4. Privatschule ... Privatuni .... NEIN Danke!
Mr Bounz 09.02.2011
Es geht bei Privatschulen nicht um Leistung, sondern um bezahlte Abschlüsse und am besten noch um Elitenbildung. Wobei nicht Eliten im Sinne von Leistung, sondern im Sinne von "meine Eltern haben Geld, deine auch?!?!" geht. Und was bei Elitenbildung mit Bildung gemeint ist, ist ja wohl auch klar. Ich hab in der 5 Klasse schon über Grundschulkollegen gelacht der meinte "Meine Privatschule ist besser als deine öffentliche, denn die kostet mehr!
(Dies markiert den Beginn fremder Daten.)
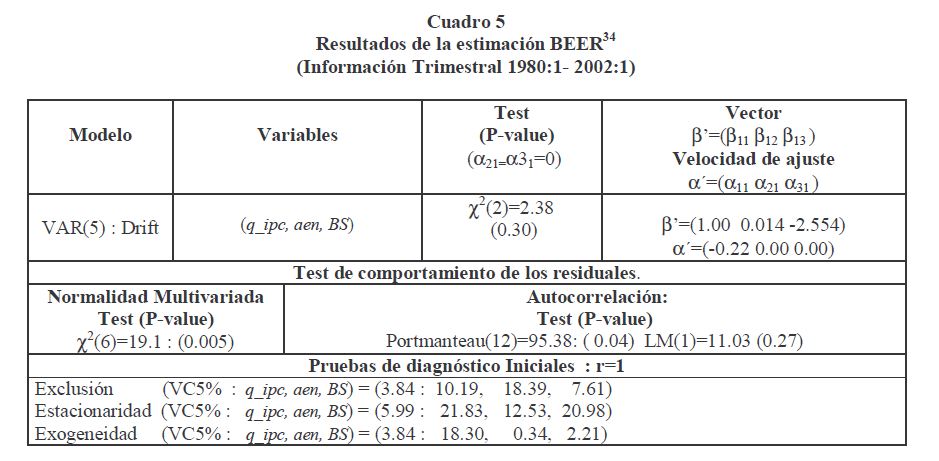 La estimación de los desequilibrios nominales y reales del tipo de cambio en Colombia es abordada en este documento a partir de la construcción de dos componentes: el permanente asociado con una tendencia estocástica y el transitorio vinculado con el ciclo. La separación entre lo permanente y lo transitorio se hace usando relaciones de largo plazo entre el tipo de cambio nominal (real) y sus determinantes fundamentales. La estimación de los desequilibrios nominales y reales (componente transitorio) se lleva a cabo para diferentes frecuencias (anual y trimestral) y periodos de información y se usan varios modelos de determinación del tipo de cambio nominal y real. El concepto de "common trends" (dual de cointegración) es introducido aquí para construir una variable no-observada, "el nivel de equilibrio" y para derivar medidas de desequilibrio. Es decir, se opta por derivar el componente permanente o de largo plazo del tipo de cambio nominal (o real) y asociarlo a su nivel de equilibrio y obtener por residuo su componente transitorio y relacionarlo con el desequilibrio. Dicha descomposición además de recuperar el componente no-estacionario (la tendencia estocástica) y estacionario (el ciclo), se hace usando los determinantes del tipo de cambio. Los resultados sugieren que el tipo de cambio real estuvo por debajo de su nivel de equilibrio durante los últimos periodos y que a 03 de 2002 continuaba ligeramente por debajo de éste.

Aber manche brauchen länger das zu erkennen!
5. recht einfach
Fabian G 09.02.2011
privatschulen müssen nach rendite geführt werden. also ist es für privatschulen effektiver mehr schein als sein zu haben. viel brimborium und pr sind günstiger als wirklich effektiv geld in die ausbildung der schüler zu stecken. das ist bei vielen privaten unis, schulen und berufsakademien so. leider. natürlich gibt es solche und solche. daher sollte man wohl einfach genau hinschauen bevor man pauschalurteile fällt.